======== Source data

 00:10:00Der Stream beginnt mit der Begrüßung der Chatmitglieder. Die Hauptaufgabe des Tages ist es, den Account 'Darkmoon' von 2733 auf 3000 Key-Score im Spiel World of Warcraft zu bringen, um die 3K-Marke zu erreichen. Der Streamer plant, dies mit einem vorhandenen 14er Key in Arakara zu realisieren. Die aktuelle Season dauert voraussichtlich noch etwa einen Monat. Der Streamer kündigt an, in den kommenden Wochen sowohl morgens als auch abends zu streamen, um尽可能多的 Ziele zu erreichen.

================
======== Source data

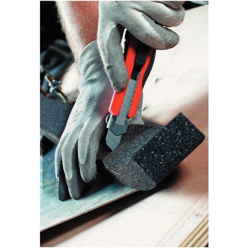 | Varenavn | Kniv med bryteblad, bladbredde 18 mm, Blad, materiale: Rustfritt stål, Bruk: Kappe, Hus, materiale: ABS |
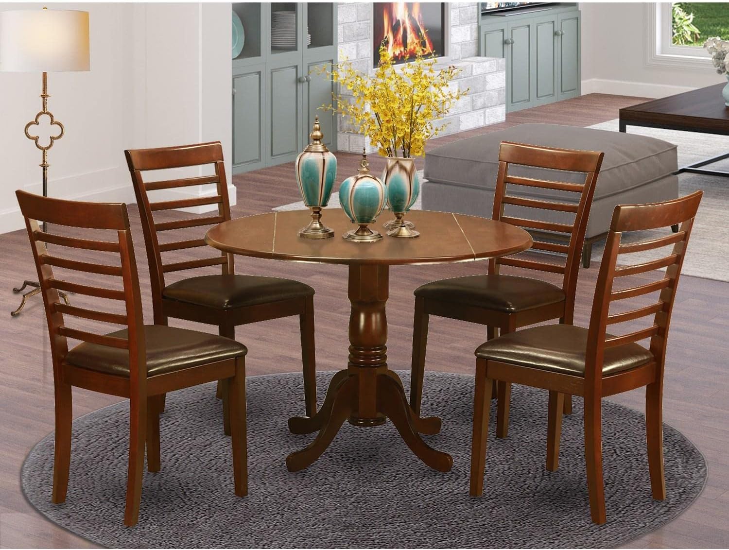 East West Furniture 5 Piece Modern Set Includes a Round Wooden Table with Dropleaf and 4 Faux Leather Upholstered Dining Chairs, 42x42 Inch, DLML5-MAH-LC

================

- Directions:
In the records above, everything from the line with "materiale: ABS |" down to the line with "East West Furniture" is to be set down exactly, both ends included, with no pictures and no other lines.

- Solution to the exercise:
 | Varenavn | Kniv med bryteblad, bladbredde 18 mm, Blad, materiale: Rustfritt stål, Bruk: Kappe, Hus, materiale: ABS |
 East West Furniture 5 Piece Modern Set Includes a Round Wooden Table with Dropleaf and 4 Faux Leather Upholstered Dining Chairs, 42x42 Inch, DLML5-MAH-LC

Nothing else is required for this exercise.